1. **MCP endpoint URL** — `https://<account>.snowflakecomputing.com/api/v2/databases/<DB>/schemas/<SCHEMA>/mcp-servers/<SERVER_NAME>`
2. **PAT value** — the token string

These are registered in the Mindset AI Agent Management Studio (AMS) as an external MCP server. The PAT is stored as the API key. On the Mindset AI side, the PAT is held in GCP Secret Manager and is never exposed to end users.

## Troubleshooting reference

| Symptom                                             | Likely cause                                                                                                                                                |
| --------------------------------------------------- | ----------------------------------------------------------------------------------------------------------------------------------------------------------- |
| `tools/list` returns an empty array                 | Missing `input_schema` in the tool config, or the connecting role lacks `USAGE` on the tool's backing procedure/function                                    |
| `does not exist or not authorized`                  | The MCP server was replaced and the `USAGE` grant was not re-applied                                                                                        |
| `Unknown tool type: CUSTOM`                         | Use `GENERIC` instead of `CUSTOM` for stored procedure and UDF tools                                                                                        |
| `Network Policy is required`                        | SERVICE-type users need a network policy assigned before a PAT can be created                                                                               |
| Tool listed but invocation fails                    | The connecting role may lack `SELECT` on tables queried by the procedure (relevant for `EXECUTE AS CALLER` procedures)                                      |
| SSL `CERTIFICATE_VERIFY_FAILED` / hostname mismatch | Account name contains underscores in the hostname — replace underscores with hyphens in the URL (see [Key setup considerations](#key-setup-considerations)) |

## Who can see what: access scoping

Snowflake native MCP servers are an excellent fit for exposing data that should be available to all users interacting with a particular agent — product catalogs, company reference data, reporting dashboards, knowledge bases. These are strong fits because the data is the same regardless of who is asking.

Snowflake native MCP servers authenticate using a single PAT tied to a single Snowflake role. That role determines what data the tools can access. On the Mindset AI side, you control which agents (and therefore which users) can reach the MCP server through entitlement configuration. Within the MCP server itself, all requests use the same role and data access.

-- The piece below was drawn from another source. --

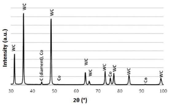 Full diffraction record of the WC-Co composite with 8–10 μm and 16–20 μm diamond, presented in Figure 10, allows the identification of three phases: WC, Co and C (diamond).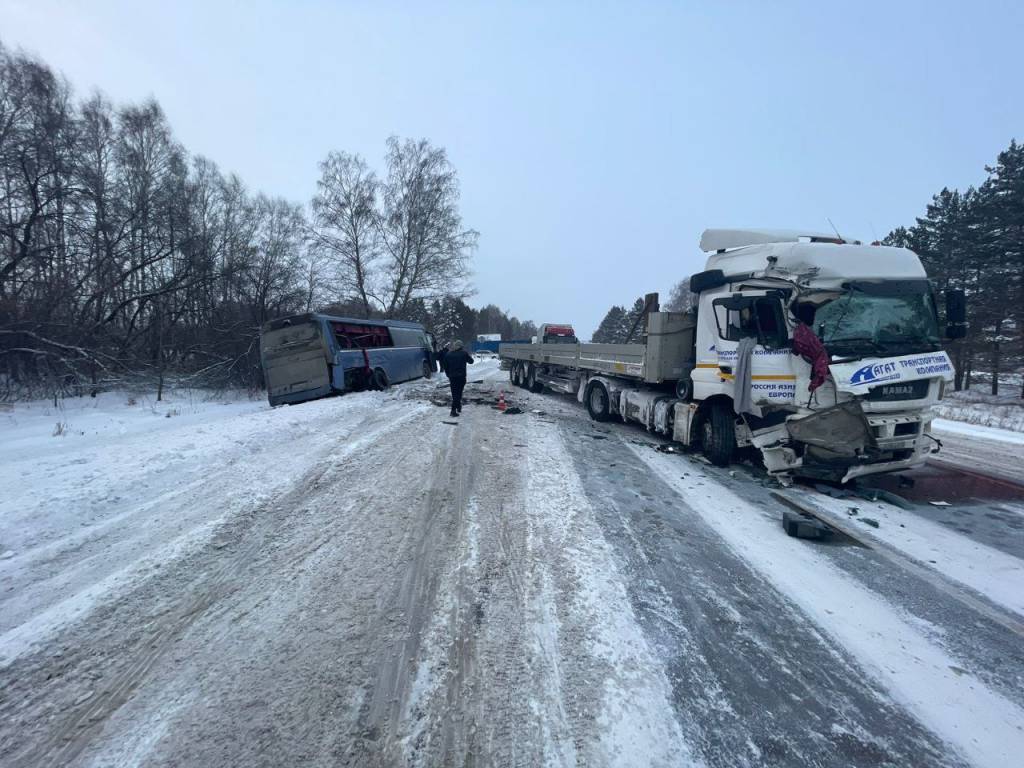 ДТП произошло в районе половины одиннадцатого утра на 83 километре автодороги Р-256 «Чуйский тракт». Автобус KIA Grandbird, который двигался в сторону Барнаула, неожиданно выехал на встречную полосу и врезался в грузовик КАМАЗ.

Mindset AI sends user identity headers (`x-user-id`, `x-session-tags`) on every request. With custom-built MCP servers these headers enable per-user data filtering. Snowflake's managed MCP server does not currently pass these headers through to stored procedures, so tools cannot tailor their responses based on which end user is asking. This is expected to be addressed in a future Snowflake release — the MCP protocol already defines a mechanism for passing client metadata to tools (the `_meta` field), and Snowflake is anticipated to adopt it, at which point per-user scoping within Snowflake native MCP servers will be possible without any custom code.

### Planning for different access levels

If you have tools that should only be available to certain user groups (for example, managers vs. individual contributors), you can create separate Snowflake MCP servers with separate PATs and roles. Each server is registered independently in the Mindset AI AMS and entitled to the appropriate agents, keeping tool visibility aligned with user roles.

For use cases that require per-user data filtering today — where different users should see different rows from the same table — a custom MCP server is the better fit. The Mindset AI team can advise on the right approach for your situation.

## Additional notes

Tool descriptions are used by the Mindset AI agent to decide when to call a tool. Clear, specific descriptions lead to better tool selection. If an agent isn't calling a tool when expected, reviewing and tightening the tool description is usually the most effective first step.